Print the records below exactly, starting at the first line and stopping after the line that contains "품질보증기준 | 상품상세참조 |". Leave out any pictures.

___ Given records ___

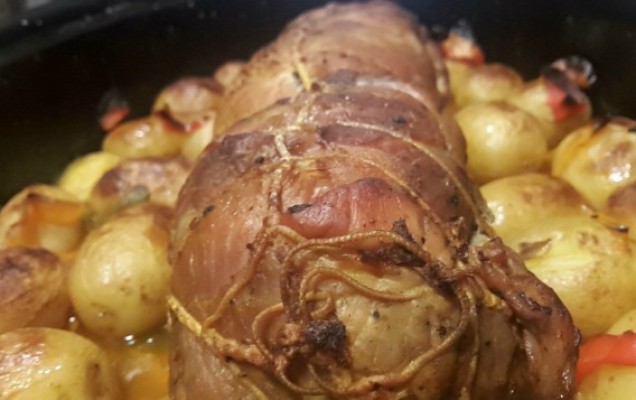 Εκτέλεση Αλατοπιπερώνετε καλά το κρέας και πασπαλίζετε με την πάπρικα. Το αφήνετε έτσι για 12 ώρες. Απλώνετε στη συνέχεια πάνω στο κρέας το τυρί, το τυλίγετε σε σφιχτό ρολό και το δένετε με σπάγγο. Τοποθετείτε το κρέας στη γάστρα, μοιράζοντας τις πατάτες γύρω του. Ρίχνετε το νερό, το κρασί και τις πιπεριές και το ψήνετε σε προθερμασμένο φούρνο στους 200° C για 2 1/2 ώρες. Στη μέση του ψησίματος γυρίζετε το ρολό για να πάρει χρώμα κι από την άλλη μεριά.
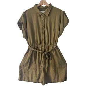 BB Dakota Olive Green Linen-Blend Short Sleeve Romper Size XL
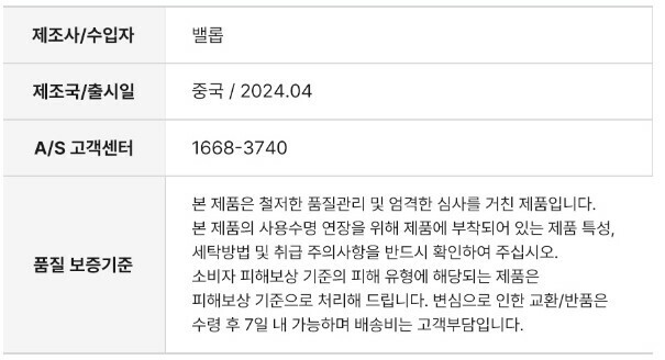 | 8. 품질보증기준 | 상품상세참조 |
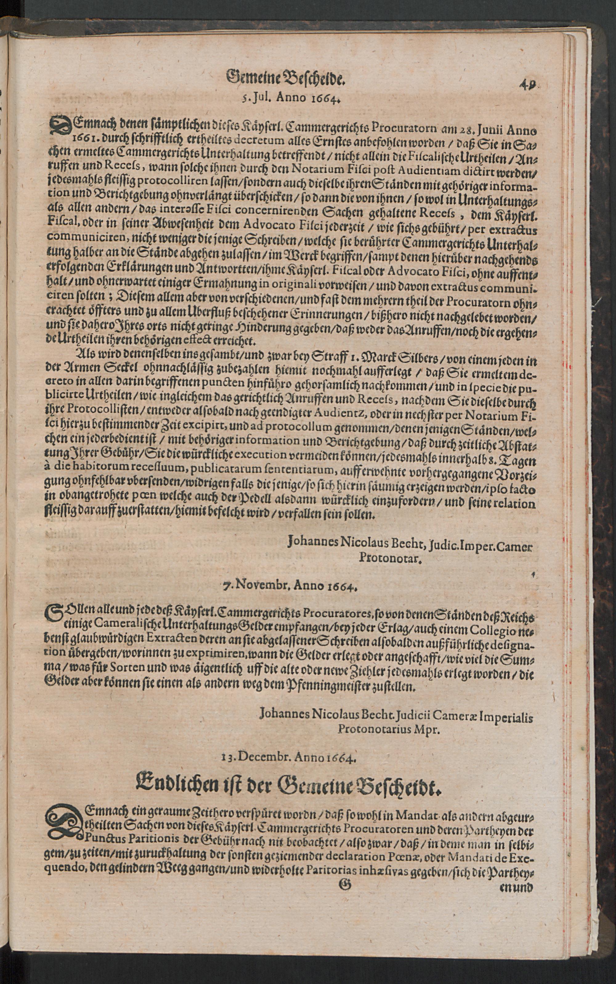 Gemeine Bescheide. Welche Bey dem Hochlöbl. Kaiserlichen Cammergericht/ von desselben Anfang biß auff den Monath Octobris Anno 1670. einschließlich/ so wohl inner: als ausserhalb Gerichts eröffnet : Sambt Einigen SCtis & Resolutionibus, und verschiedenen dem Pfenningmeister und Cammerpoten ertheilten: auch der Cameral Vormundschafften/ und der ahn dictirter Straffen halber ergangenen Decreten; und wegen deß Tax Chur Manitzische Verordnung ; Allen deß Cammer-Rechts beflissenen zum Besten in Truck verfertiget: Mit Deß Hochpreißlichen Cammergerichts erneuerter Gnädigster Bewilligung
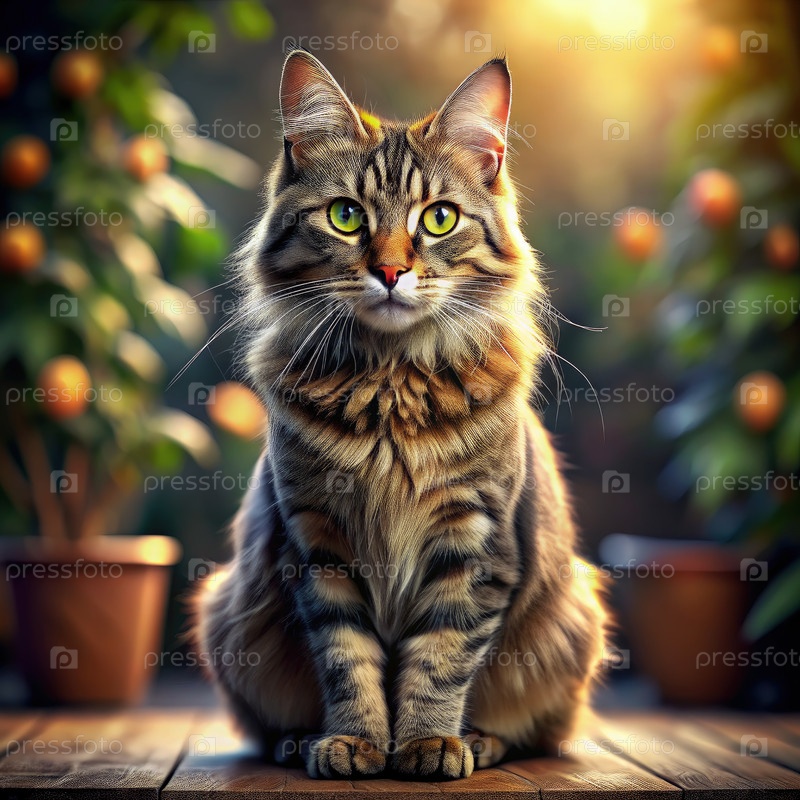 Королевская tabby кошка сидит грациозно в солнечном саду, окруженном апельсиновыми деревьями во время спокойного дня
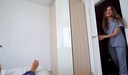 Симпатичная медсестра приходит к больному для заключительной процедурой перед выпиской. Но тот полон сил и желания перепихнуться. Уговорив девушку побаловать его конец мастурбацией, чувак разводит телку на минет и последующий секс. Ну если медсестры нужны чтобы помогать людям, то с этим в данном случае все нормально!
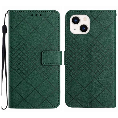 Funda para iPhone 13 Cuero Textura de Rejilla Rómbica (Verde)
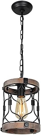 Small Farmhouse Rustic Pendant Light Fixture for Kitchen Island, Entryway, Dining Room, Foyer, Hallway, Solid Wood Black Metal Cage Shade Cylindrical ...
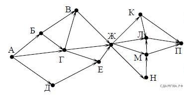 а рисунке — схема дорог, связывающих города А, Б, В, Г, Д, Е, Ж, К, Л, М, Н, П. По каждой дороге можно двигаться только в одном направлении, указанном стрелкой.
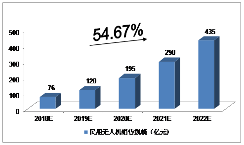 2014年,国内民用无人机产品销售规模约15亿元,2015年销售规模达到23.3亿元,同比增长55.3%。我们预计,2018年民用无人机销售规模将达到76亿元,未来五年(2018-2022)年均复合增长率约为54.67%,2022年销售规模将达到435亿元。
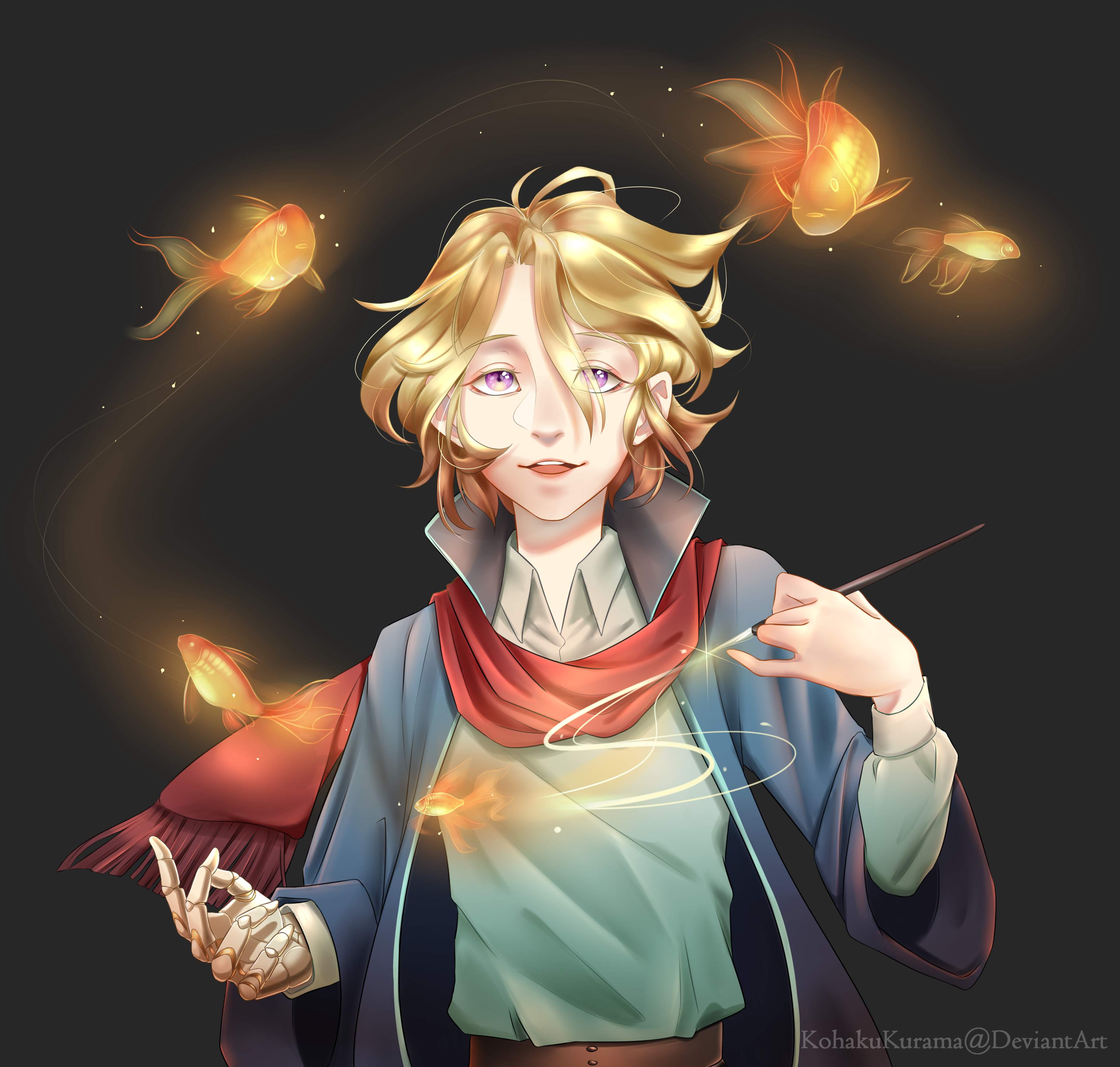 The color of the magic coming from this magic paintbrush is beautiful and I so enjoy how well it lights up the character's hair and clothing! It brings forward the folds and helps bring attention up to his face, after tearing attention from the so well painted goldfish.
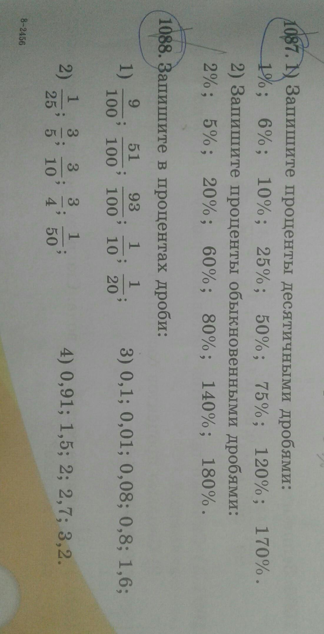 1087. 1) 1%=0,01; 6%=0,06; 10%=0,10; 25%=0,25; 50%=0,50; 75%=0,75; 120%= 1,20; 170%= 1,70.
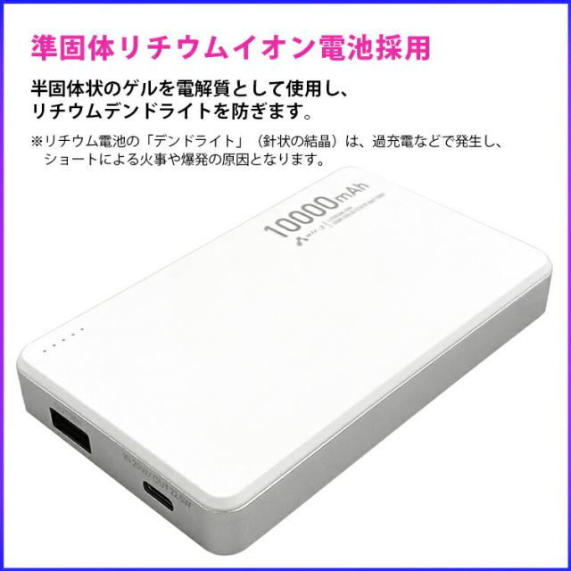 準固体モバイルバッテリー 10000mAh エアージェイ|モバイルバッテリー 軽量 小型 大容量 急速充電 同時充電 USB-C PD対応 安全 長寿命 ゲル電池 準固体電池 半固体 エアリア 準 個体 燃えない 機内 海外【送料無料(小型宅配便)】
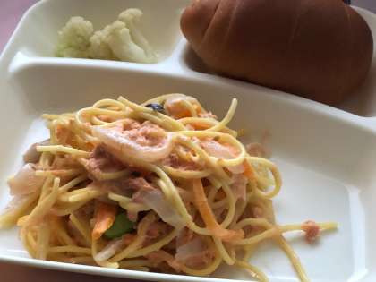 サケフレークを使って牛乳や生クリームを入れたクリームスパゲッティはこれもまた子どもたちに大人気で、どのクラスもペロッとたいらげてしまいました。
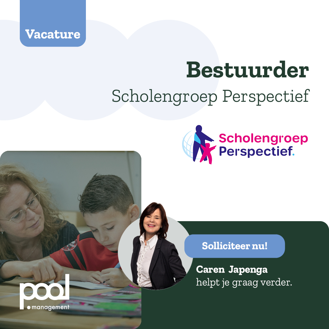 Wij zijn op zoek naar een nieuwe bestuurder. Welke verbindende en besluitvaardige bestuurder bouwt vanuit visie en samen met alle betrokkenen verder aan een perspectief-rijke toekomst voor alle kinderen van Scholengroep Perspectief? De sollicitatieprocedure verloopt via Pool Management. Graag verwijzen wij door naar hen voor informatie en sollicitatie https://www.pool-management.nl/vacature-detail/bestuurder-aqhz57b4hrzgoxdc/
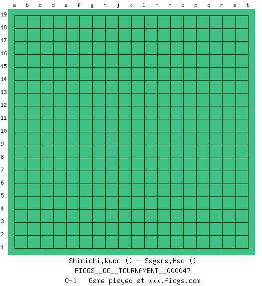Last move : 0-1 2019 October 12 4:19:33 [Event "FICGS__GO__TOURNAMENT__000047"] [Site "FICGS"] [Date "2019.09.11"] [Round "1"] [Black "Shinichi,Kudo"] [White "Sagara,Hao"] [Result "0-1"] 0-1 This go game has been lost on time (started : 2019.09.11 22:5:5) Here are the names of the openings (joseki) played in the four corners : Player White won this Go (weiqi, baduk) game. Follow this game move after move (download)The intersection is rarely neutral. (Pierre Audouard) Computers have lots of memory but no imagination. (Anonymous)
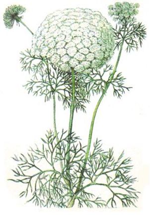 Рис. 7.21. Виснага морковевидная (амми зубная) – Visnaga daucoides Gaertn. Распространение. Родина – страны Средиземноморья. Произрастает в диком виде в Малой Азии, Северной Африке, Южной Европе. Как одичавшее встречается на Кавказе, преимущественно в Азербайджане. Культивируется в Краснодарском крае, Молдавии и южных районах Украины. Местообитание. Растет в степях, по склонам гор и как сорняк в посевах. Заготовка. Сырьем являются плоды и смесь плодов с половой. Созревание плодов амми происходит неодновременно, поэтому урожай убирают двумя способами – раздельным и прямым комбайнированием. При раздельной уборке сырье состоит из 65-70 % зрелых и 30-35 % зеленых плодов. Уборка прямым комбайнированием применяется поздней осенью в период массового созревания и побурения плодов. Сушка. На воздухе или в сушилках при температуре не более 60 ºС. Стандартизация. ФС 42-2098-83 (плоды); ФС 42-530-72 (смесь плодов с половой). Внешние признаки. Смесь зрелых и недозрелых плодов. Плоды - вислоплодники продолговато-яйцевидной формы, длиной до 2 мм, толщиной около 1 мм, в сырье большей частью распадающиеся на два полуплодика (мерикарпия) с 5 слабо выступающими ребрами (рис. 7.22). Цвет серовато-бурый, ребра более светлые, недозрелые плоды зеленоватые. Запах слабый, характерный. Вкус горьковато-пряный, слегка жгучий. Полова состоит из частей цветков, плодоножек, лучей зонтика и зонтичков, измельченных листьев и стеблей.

___

(Exercise output)
 Εκτέλεση Αλατοπιπερώνετε καλά το κρέας και πασπαλίζετε με την πάπρικα. Το αφήνετε έτσι για 12 ώρες. Απλώνετε στη συνέχεια πάνω στο κρέας το τυρί, το τυλίγετε σε σφιχτό ρολό και το δένετε με σπάγγο. Τοποθετείτε το κρέας στη γάστρα, μοιράζοντας τις πατάτες γύρω του. Ρίχνετε το νερό, το κρασί και τις πιπεριές και το ψήνετε σε προθερμασμένο φούρνο στους 200° C για 2 1/2 ώρες. Στη μέση του ψησίματος γυρίζετε το ρολό για να πάρει χρώμα κι από την άλλη μεριά.
 BB Dakota Olive Green Linen-Blend Short Sleeve Romper Size XL
 | 8. 품질보증기준 | 상품상세참조 |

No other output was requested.